MATERIALS AND METHODS

The rhesus monkey colony on the island of Cayo Santiago (lying 1 km off the southeastern coast of Puerto Rico) was founded in 1938 (Kessler & Rawlins, 2016; Rawlins & Kessler, 1986). At that time, primatologist Clarence Carpenter transferred 450 rhesus macaques from the Lucknow region of India to Cayo Santiago, where their descendants remain to this day. Regular provisioning of the colony with monkey chow began in 1956 (Rawlins & Kessler, 1986). In 1970, the University of Puerto Rico established the Caribbean Primate Research Center (CPRC) to meet the increasing demands of managing the colony. At this time, CPRC Science‐in‐Charge Donald Sade started a skeletal collection of monkeys' remains. Jean E. Turnquist and Mathew J. Kessler began a program of routine carcass collection from the island in the 1980's. In 1982, the CPRC Museum, now the Laboratory of Primate Morphology was established at the School of Medicine to house all of the monkeys' skeletal remains.

In 1985, there was a “round‐up” of nearly the entire colony for the purpose of tetanus immunization (Wang et al., 2016). At this time, physical examinations of all of the monkeys occurred, which included measurement and recording of weight and dental wear (Wang et al., 2016) used in the present study. Data set 1 consists of ages, weights and dental wear scores from a cross‐sectional sample of 212 rhesus monkey adults (74 females, 138 males) examined during the 1985 “round‐up.” Wear scores were taken from Wang et al. (2016). Only adults with erupted third molars were scored for dental wear. The wear score is a qualitative summary of degree of wear for the entire molar row, according to Murphy's (1959) ratings of dentine exposure: 0 (no wear), 1 (slight), 2 (moderate), 3 (much), 4 (severe), and 5 (extreme). Scoring was performed by two observers. Consensus was reached on any wear scores that differed between observers (Wang et al., 2016).

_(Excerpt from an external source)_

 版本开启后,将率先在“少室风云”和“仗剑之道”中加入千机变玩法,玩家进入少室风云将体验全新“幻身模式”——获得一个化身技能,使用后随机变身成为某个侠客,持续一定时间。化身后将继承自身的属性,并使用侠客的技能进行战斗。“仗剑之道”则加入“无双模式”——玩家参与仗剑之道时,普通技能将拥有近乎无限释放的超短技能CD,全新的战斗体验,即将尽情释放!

Data set 2 consists of dental wear measurements taken in the CPRC Skeletal Collection on monkeys included in Data set 1. Tattoo numbers were used to match dental remains to animals included in the 1985 roundup. In total, dental remains of 103 individuals were identified (39 females and 64 males). Sixty‐six percent of the female sample remained on the island for the entirety of their lifespans, while 63% of the males did. The remaining 34% of females and 37% of males were transferred from Cayo Santiago to a facility located in Sabana Seca after 1985 and remained there for the rest of their lives.

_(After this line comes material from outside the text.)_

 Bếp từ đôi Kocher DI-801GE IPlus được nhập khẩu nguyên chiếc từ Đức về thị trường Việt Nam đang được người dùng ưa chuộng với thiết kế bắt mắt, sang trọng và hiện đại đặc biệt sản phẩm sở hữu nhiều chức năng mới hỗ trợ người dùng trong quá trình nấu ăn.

On Cayo Santiago, monkeys eat not only monkey chow, but also some forage (Marriott et al., 1989), which is not as readily available to them in Sabana Seca. Marriott et al. (1989) found that the time spent eating on Cayo Santiago was 10.8% of overall time. Of that, the diet was 50.2% monkey chow or other non‐naturally occurring food versus 49.8% natural vegetation, and all monkeys ate soil. Thus, the a priori expectation is that teeth would wear more slowly at Sabana Seca than on Cayo Santiago. To assess this possibility, percent of wear for each tooth type was modeled in a general linear model in SAS 9.4 (SAS Institute Inc., 2017), as a function of age‐at‐death, sex, and whether an animal was transferred to Sabana Seca. Percent of wear refers to the percentage of dentine exposure relative to the occlusal area of a tooth (more details of this measure are given below). For all six molar types, there was no statistically significant difference in percent of wear for whether an animal was or was not transferred to Sabana Seca. The number of males in the sample that spent more than 5% of their lifespans at Sabana Seca and the number of females that did so were also not significantly different (Chi‐square = 0.745, p < 0.388). Finally, there was no statistically significant difference in the numbers of males versus females transferred to Sabana Seca (Chi‐square = 0.122, df = 1, p < 0.727) in this sample. For all of these reasons, the analysis of sex differences in tooth wear was conducted on the full data set (including both transferred and non‐transferred individuals).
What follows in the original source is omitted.